Based on the foregoing findings of fact and conclusions of law, the undersigned Hearing Officer recommends that the Commission on Ethics enter a final order and public report finding that the Respondent, William G. Smith, has violated Section 112.313(6), Florida Statutes, through his actions in using Deputies and County vehicles for his personal benefit, and that he did not violate Section 112.313(6), Florida Statutes, by using County jail inmates for his personal benefit, as alleged.
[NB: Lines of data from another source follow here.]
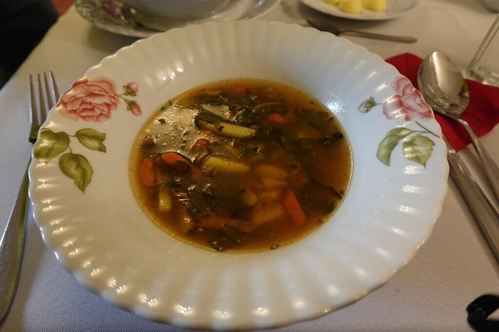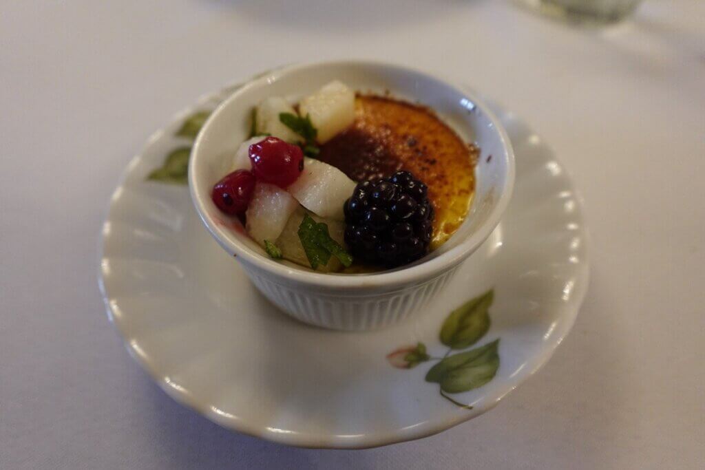 スープはやさしい味わいで体が温まり、デザートのクレームブリュレは表面がパリッと香ばしく、まさに絶品。
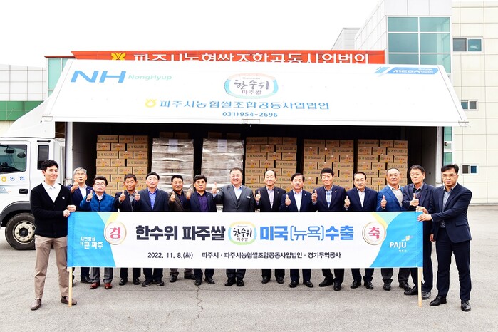 시는 8일 김경일 시장을 비롯해 파주시농협쌀조합공동법인 대표, 권욱민 NH농협 파주시지부장, 각 지역농협조합장, 한국쌀전업농 파주시연합회장이 참석한 가운데 파주시농협쌀조합공동사업법인(RPC) 광장에서 기념행사를 열고 파주쌀 수출을 축하했다.
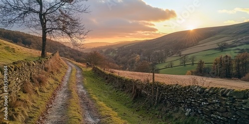 © phy, Fototapeta premium A peaceful countryside scene with the sun setting behind rolling hills
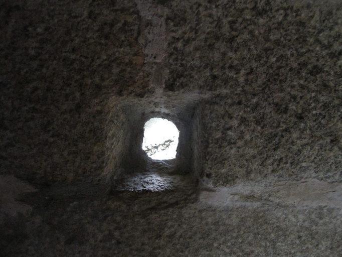 Lanvellec, Goaz Ru : manoir, vue intérieure, guérite flanquant l'angle nord-est ; ouverture de tir pour armes à feu portatives permettant une défense rapprochéeImmatriculation
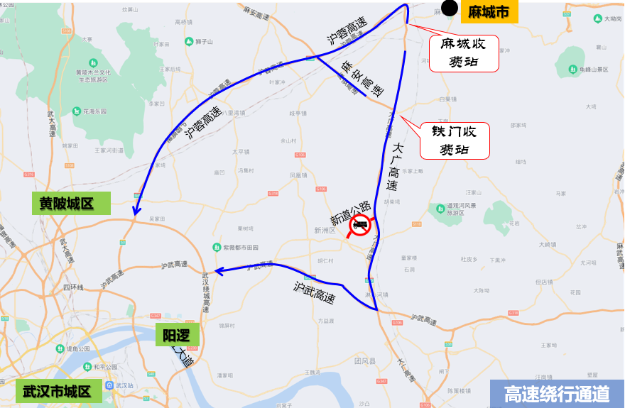 1、可绕行大广高速、沪武高速,或绕行麻安高速、沪蓉高速至黄陂、阳逻及武汉中心城区。
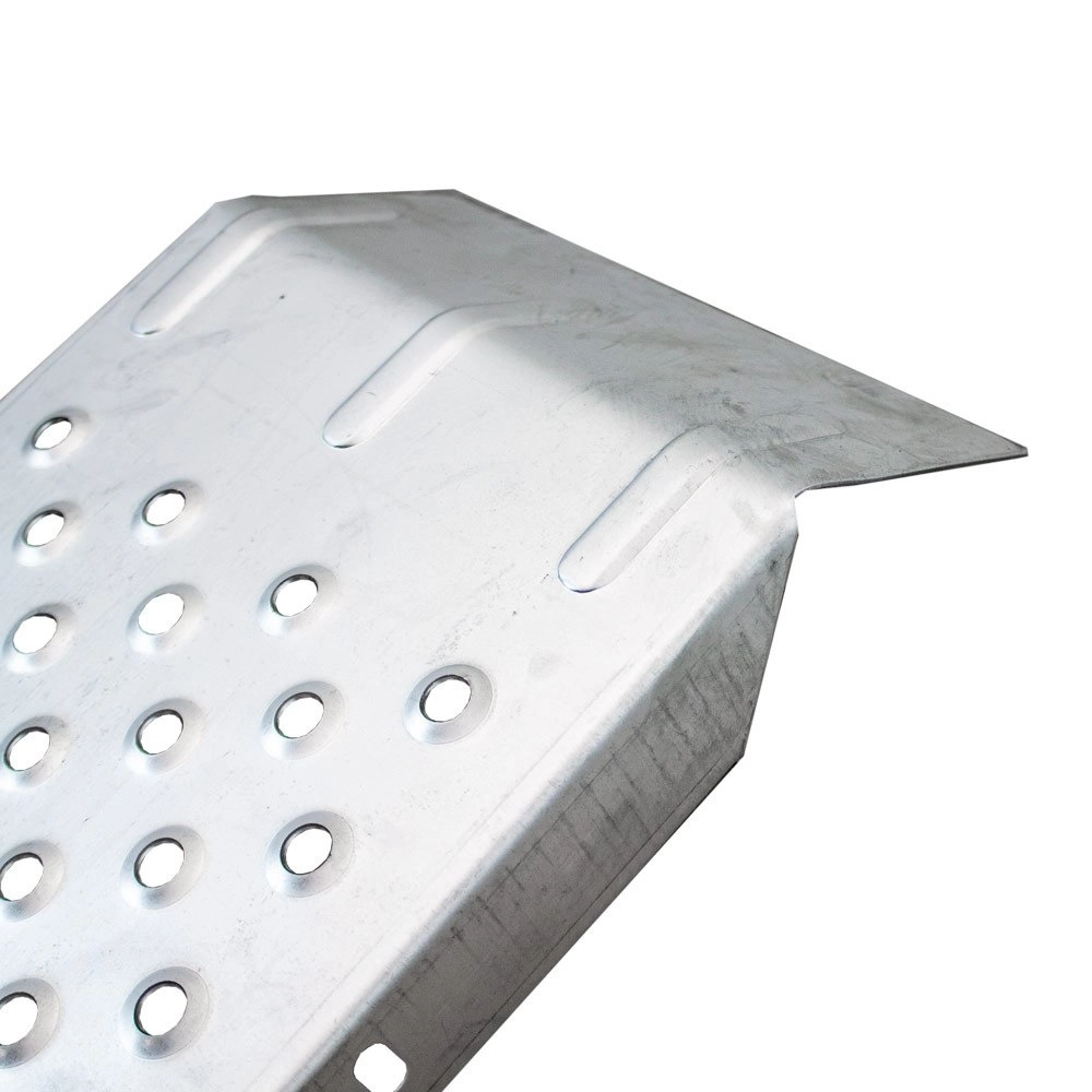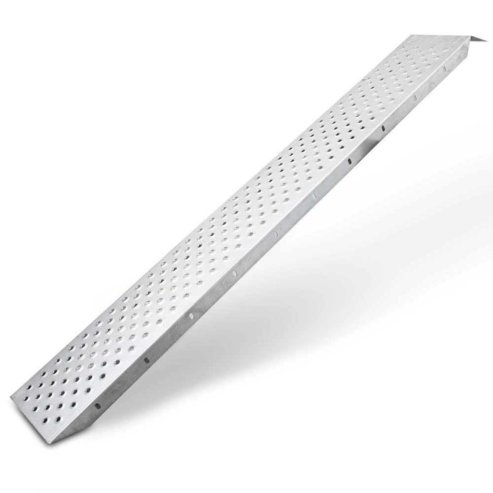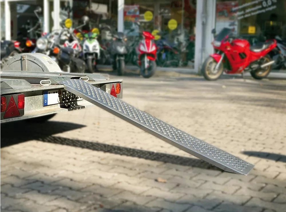 Estas rampas de acero están diseñadas para un acceso fiable y seguro de motocicletas, maquinaria de jardinería o equipos de taller a vehículos y plataformas. La superficie perfilada y perforada garantiza una excelente tracción y la evacuación de suciedad, mientras que el anclaje estable en forma de gancho permite una colocación rápida y segura en el borde de la zona de carga.
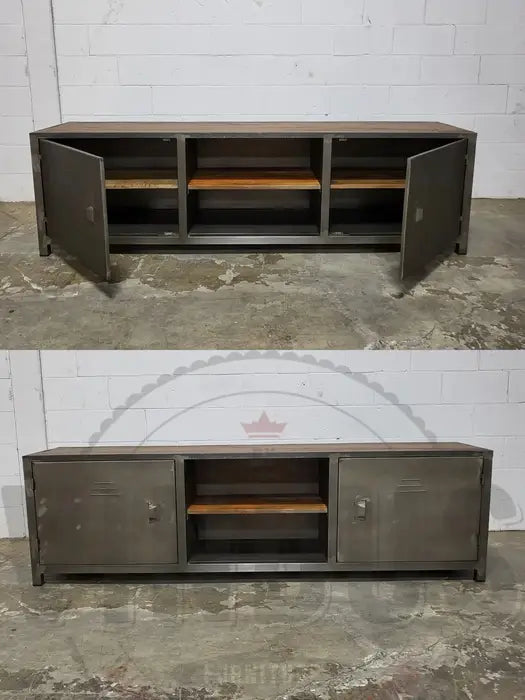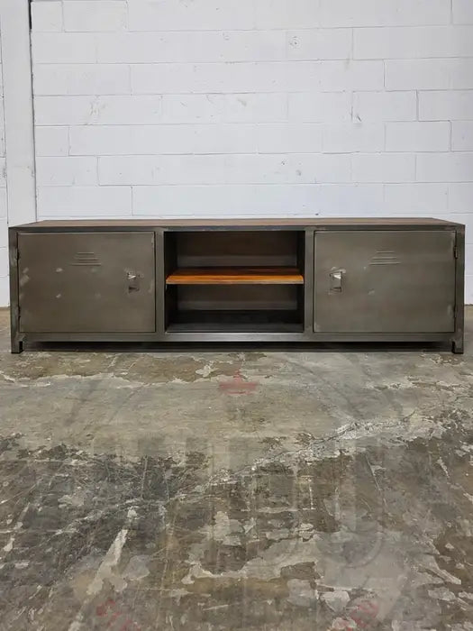 Industrial TV cabinet in antique wood and steel with 2 locker-style doors

Further, the Hearing Officer recommends that the Commission's order recommend that the Governor of the State of Florida publicly censure and reprimand the Respondent and impose a civil penalty upon him in the amount of $1,000.00.
ENTERED and respectfully submitted this ____ day of December, 1990.
Debra A. Zappi
Hearing Officer and Member
Commission on Ethics
Copies furnished to:
Mr. Mark Herron, Attorney for Respondent
Mr. Craig B. Willis, Commission Advocate
The following are rulings on the proposed findings of fact submitted by the Advocate:
4. Accepted, except that the record does not support a finding that Johnson worked on more than one fender.
The following are rulings on the proposed findings of fact submitted by the Respondent:
3. Accepted, except that the record indicates that the beams were at the jail for approximately one week.
5. Accepted, except that Deputy Stone's testimony is sufficient to establish that Johnson sanded some of the beams.
10-11. Accepted to the extent that Bontrager's testimony is not used to support any findings of fact.
14. Accepted, except that it is not found by a preponderance of the evidence that on most occasions the Respondent transported Everett.